In 2021, Kasser introduced legislation known as the Connecticut Parentage Act. The law expanded legal recognition of parentage in Connecticut, extending legal protections to families including same-sex parents, unmarried parents and parents who conceive children through assisted reproduction.

== Divorce and resignation ==
On June 22, 2021, Kasser announced her resignation from the Connecticut State Senate at the end of her third legislative session, citing personal circumstances, including ongoing divorce litigation, as impeding her ability to perform her duties effectively. In her resignation note, she highlighted her legislative achievements and commitment to social issues, writing: 'I am particularly proud of introducing and passing legislation including the Parentage Act and Jennifers' Law so that no one is shamed for who they are or trapped in an abusive situation.'

Her seat was subsequently filled following a special election by Republican Ryan Fazio.

== Personal life ==
After filing for divorce, Kasser began dating her current partner, Nichola Samponaro, a political consultant and Realtor who grew up in Greenwich, CT. Samponaro volunteered as Kasser's 2018 and 2020 campaign manager.

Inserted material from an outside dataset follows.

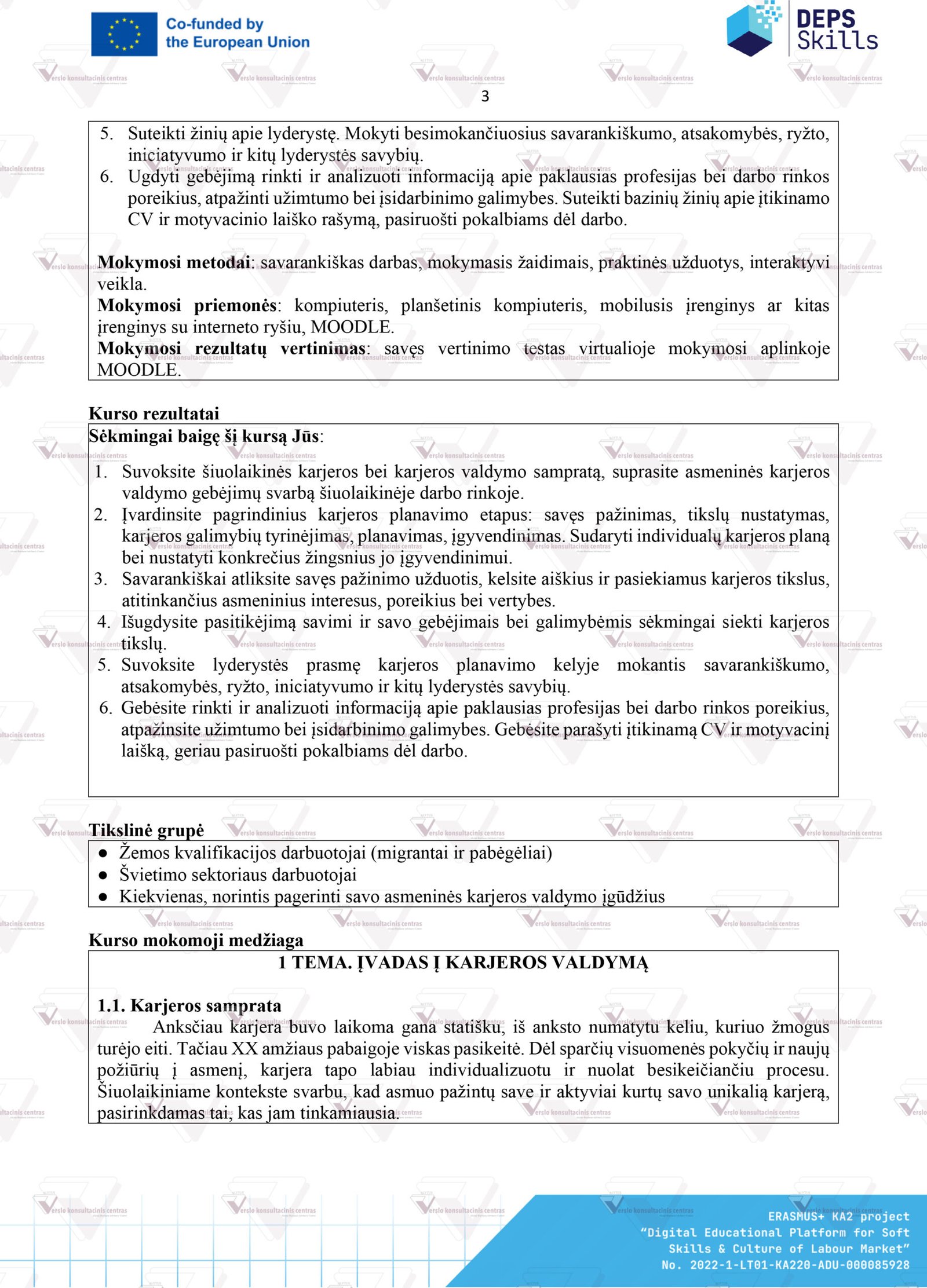 1. Prieiga prie kurso skaitmeninėje DEPS-Skills Moodle mokymosi platformoje (courses.deps-skills.eu).

In 2019, Kasser gave a TEDx talk describing her personal journey to finding "Love and Purpose."

== Non-profit involvement ==
From 2012 to 2016, Kasser was chairman of the Mount Sinai Children's Environmental Health Center board, an organization dedicated to advancing research on the environmental and epigenetic causes of children's diseases, including cancer. Kasser is the founder of The Parity Partnership, a non-profit dedicated to advancing gender equality in the public and private sectors. She was also chairman of Greenwich Community Gardens and has served on various boards dedicated to helping children, such as Kids in Crisis.